On Thu, 17 Feb 2005 13:14:55 -0600, Glabus, Michael <[log in to unmask]>
wrote:

Hi, Mike.

>I would appreciate some guidance from list experts on this issue: implicit
>scaling (session specific).
>
>
>
>We conducted an activation (A)-rest (R) fingertap experiment (right hand)
>with 8 sessions: ARARARAR. Each session collected 10 EPI BOLD scans, TR= 3
>seconds.

Experiments with different conditions in different sessions are tricky.

>We conducted a standard (SPM2) fMRI analysis: entering the data as 8
>sessions; canonical HRF basis function; HPF=128 seconds; Serial
correlation

If each run is 10*3 = 30 s, why use a HPF with a cutoff of 128 s?

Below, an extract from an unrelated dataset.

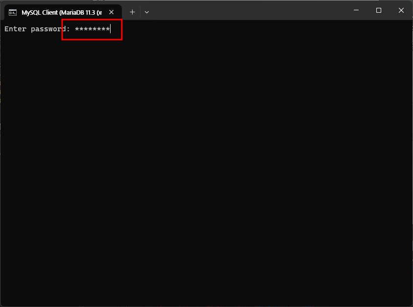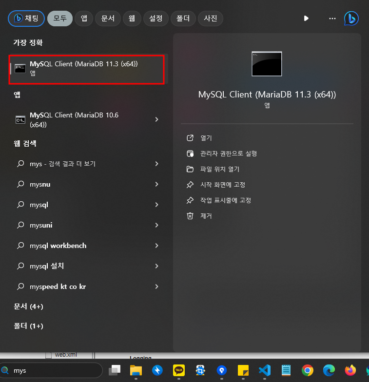 앞서 MariaDB 설치시 함께 설치되었던 MySQL Client실행 - 비밀번호입력
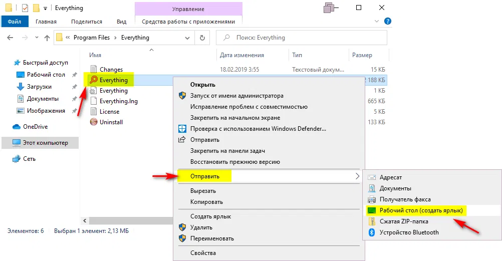 Если по окончании установки ярлык программы не появился на рабочем столе (несмотря на установленный флажок в чекбоксе Ярлык на рабочем столе при указании параметров), его можно создать самостоятельно, перейдя в директорию C:\Program Files\Everything или C:\Program Files (x86)\Everything (в зависимости от разрядности операционной системы и программы, которая была установлена), ПКМ выбрать приложение Everything и в контекстном меню выбрать Отправить > Рабочий стол (создать ярлык).

>(AR1); global calculation=mean voxel value; Grand mean scaling=session
>specific; and we tried this with and without global normalization with no
>major difference in results.
>
>
>
>The results are attached (3 figures). The top figure shows the result of
the
>tap v rest conditions; the second, the tap v rest session means; the third
>the combination of both.

I can't tell exactly what the regressors are.

Are the regressors
(1) the effect of convolving entire blocks (which are entire sessions)
with the HRF (for each type, A and R), and
(2) session effects?

That's what it looks like to me (except that I would have thought the
rightmost session effect regressors to be only 1 or 0, whereas in the
grayscale schematic they don't look perfectly white in the light blocks).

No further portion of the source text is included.